MSU Texas professors discuss Ukraine-Russia war with community
WICHITA FALLS, Texas (KAUZ) - Four weeks into the Russian invasion of Ukraine, faculty members at Midwestern State University sat down to host a roundtable discussion Wednesday in hopes of helping the community better understand the conflict.
Five faculty members including made it their responsibility to use their expertise to share their knowledge with the community:
- Dr. John Ashbrook, chair of the History department
- Rebekah Dowd, assistant professor of political science
- Dr. Kirsten Lodge, professor of English
- Dr. Michael Mills, director of Global Education
- Mike Rattanasengchanh, assistant professor of History
During the roundtable event, some even shared that they had personal ties to Ukraine and Russia.
“I lived in Ukraine for a while my first husband was Ukrainian and I also lived in Russia,” Lodge said.
Inside the Akin Auditorium, students, community members and fellow faculty listened to five faculty members as they discussed the Ukraine and Russia conflict.
“I’m very interested in what’s happening in Ukraine because I think sooner or later we’re going to be feeling the effects, maybe deeply, about what’s going on,” Lynn Hoggard, a Wichita Falls resident, said.
“This crisis has been escalating over many years due to the relationship that Ukraine has decided to develop with western states, including the European Union and the United States,” Dowd said.
Years of studies in each of their particular fields have allowed these MSU Texas faculty members to give different perspectives and clear up any misconceptions.
“We hear a lot in the media that Putin is crazy, but I’m hoping to stress from my part that there is a plan,” Ashbrook said. “It may not be a great plan for Western Europe, Central Europe or the United States, but he definitely has a strategy that he wants to carry out. I want to make sure people understand that instead of just accepting him as a crazy player on the political stage.”
Dowd said these plans could impact Americans economically and politically, so the panel wanted to make sure those living in Texoma learned as much information as possible.
“It’s something that is going to impact all of us.
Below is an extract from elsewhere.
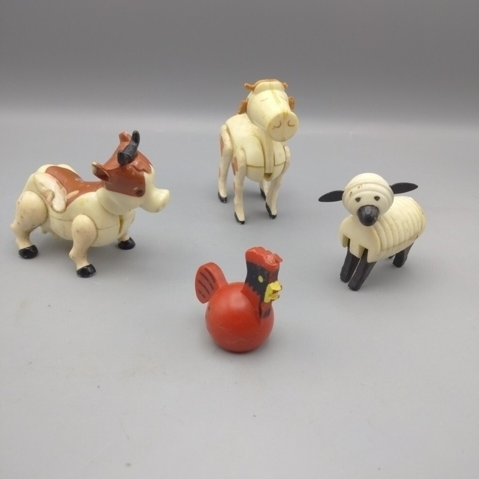 4 Vintage Fisher Price Little People Lot Farm Animals Chicken Rooster Cow Sheep

It’s something we’re reading about, it’s something that as Professor Dowd had mentioned has a trickle-down effect,” Mills said.
“I think it’s great, that’s what a university is supposed to be and do,” Hoggard said. “They’re the ones who have more information than the rest of us. By being here, they can tell us things that we didn’t know or haven’t seen yet.”
“We want to open up our university to people that would only consider this a place for professors and students so that they can see that we’re here for them as well,” Ashbrook said.
Ashbrook said this is the first time that MSU Texas faculty have come together for a roundtable discussion of current events, and they hope it will be the first of many.